Photo History: The Legacy of Dr. Sidney Farber

This Thanksgiving, as we continue to look for better ways to care for our patients today, and in the future, we also look back and give thanks to the foresight of our founder, Sidney Farber, MD.

Sidney Farber at microscope

Sidney Farber in lab

Working in this basement laboratory at Boston Children’s Hospital during the 1940s, Dr. Farber sought the treatment that could thwart childhood leukemia – a disease that was almost universally fatal. Within a few years, he would help dramatically change those numbers.

Sidney Farber at new building site

Dr. Farber (center, in white lab coat) was so successful in treating pediatric cancer patients that in 1952 he secured funding to move from his one-room lab into a four-story, state-of-the-art cancer center where research and therapy all took place under one roof.

Sidney Farber with a patient

As more children with cancer recovered, Dr. Farber and his colleagues sought ways to lengthen pediatric survivorship and help children – and adult survivors – with the side-effects and long-term complications of their cancer.

Sidney Farber and President Johnson

During his later years, Dr. Farber was a frequent visitor to Washington, D.C., where he lobbied for addition national research funding from presidents including Lyndon Johnson (pictured) and Richard Nixon.

Sidney Farber at window

Although he did not live to see the end of cancer, Dr. Farber – here watching construction of the Charles A. Dana Building shortly before his 1973 death – left his center in robust shape to continue helping both children and adults battling the disease.

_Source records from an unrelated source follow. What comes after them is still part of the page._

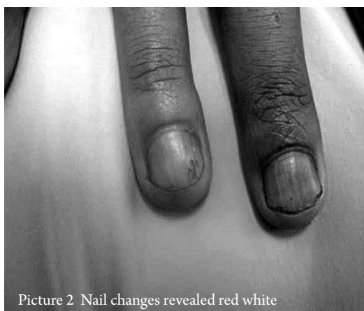
Picture 2 Nail changes revealed red white
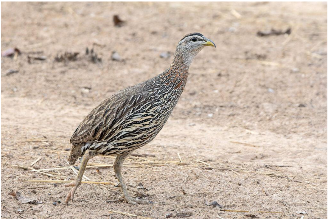
Double-spurred Francolin
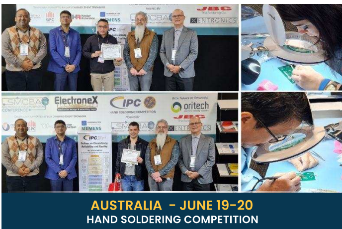
AUSTRALIA - JUNE 19-20 HAND SOLDERING COMPETITION

IPC organized a technical session & industry networking event at Dubai UAE on June 1. Hand soldering repair rework are critical parts of electronics manufacturing and IPC will be supporting members in UAE & MiddleEast through workforce skill development programs and industry forums bringing end-users and suppliers in one platform.
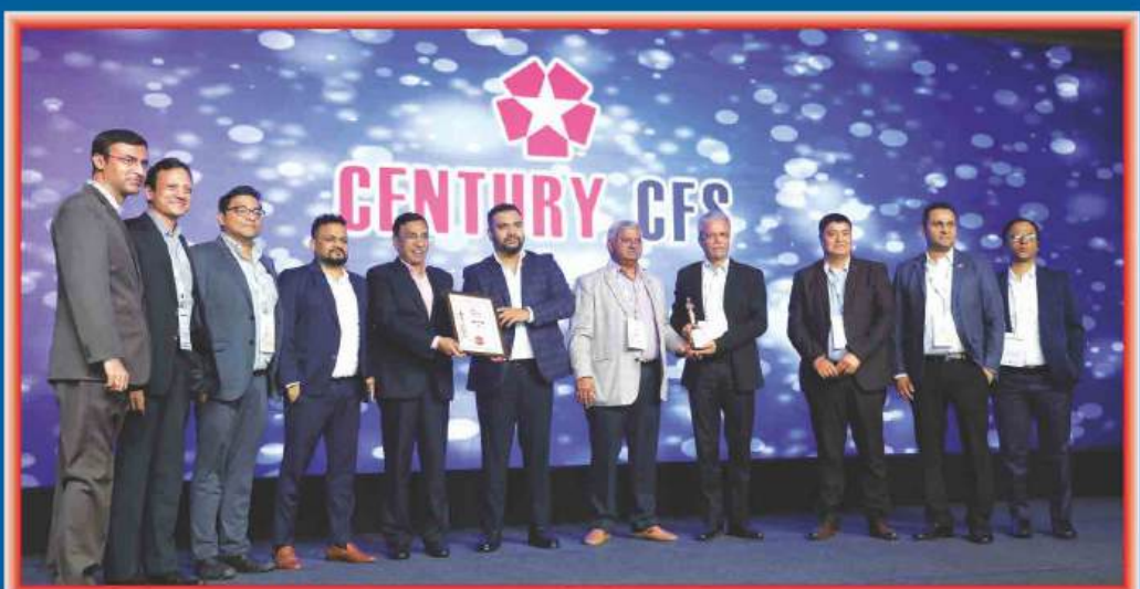
CENTURY PLYBOARDS (I) LTD. – CFS DIVISION

1 thought on “Photo History: The Legacy of Dr. Sidney Farber”

  1. I unfortunately missed the PBS series of programs, but was so happy to be able to read about Dr. Farber and his work here. As amazing as all of today’s technology is and how promising it is, it is just as amazing what doctors such as Dr. Farber researched and developed in their times when technology was so limited compared to today. They were truly pioneers, without which we wouldn’t be where we are today in the field of cancer.